By: Schyeler S. Gilman
49 Fla. L. Weekly D360, –So.3d –, 2024 WL 591695 (Fla. 3d DCA Feb. 14, 2024)
On February 14, 2024, Florida’s Third District Court of Appeal ruled that Fla. Stat. §627.70152(3), requiring a written pre-suit notice of intent to litigate be submitted to the Department of Financial Services, applies retroactively to insurance policies that pre-date the statute. This makes three courts of appeal that have ruled on the issue, with the Third and Fourth finding retroactive application proper and the Sixth disagreeing. (See, Herman Cole v. Universal Property & Casualty Insurance Company, 363 So. 3d 1089 (Fla. 4th DCA 2023 & Rebecca Hughes v. Universal Property & Casualty Insurance Company, No. 6D23-296, –So.3d –, 2023 WL 8108671 (Fla. 6th DCA Nov. 22, 2023)).
Florida Statute §627.70152 provides that “[a]s a condition precedent to filing a suit under a property insurance policy, a claimant must provide the department with written notice of intent to initiate litigation on a form provided by the department.” If the statute is not complied with then the trial court is required to dismiss the suit without prejudice.

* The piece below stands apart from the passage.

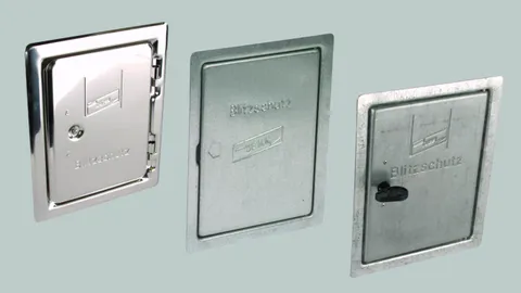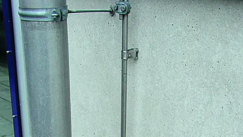Erdeinführungsstangen, Anschlussfahnen und Trennstellen zur Verbindung der Ableitung mit der Erdungsanlage.

Following the dismissal of their breach-of-contract action against their insurance company, the Cantens appealed, arguing that the trial court erred in its decision to apply Fla. Stat. §627.70152 to their insurance policy, which predated the statute. The Third District Court of Appeal affirmed the lower court’s decision holding that the statute was procedural rather than substantive, and that the intent of the legislature was to ensure the statute applied to “all suits arising under a residential or commercial property insurance policy.”
The general rule is that procedural statutes operate retrospectively and may be applied immediately to pending cases. When considering whether a statute applies retroactively, courts apply a two-factor test: (1) whether the statute expresses an intent that it applies retroactively; and, if so, (2) whether retroactive application is constitutional. Ultimately, the Third District aligned with the Fourth District’s prior ruling in that the statute’s application to “all suits” was an express statement by the legislature to apply the statute retroactively.
The Third District Court of Appeal distinguished the Cantens’ case from the Florida Supreme Court’s decision in Menendez v. Progressive Express Insurance Co., Inc., 35 So. 3d 873, 877 (Fla. 2010), which assessed the retroactivity of a similar notice provision under the Florida Motor Vehicle No-Fault Law. While the statute at issue Menendez also included all-encompassing language, the distinguishing factor lied with constitutionality. The Motor Vehicle Law notice requirement created various obligations and burdens that were substantive and therefore could only be applied prospectively, whereas Fla. Stat. §627.70152 imposes only a procedural delay that does not impact any substantive right of the insured.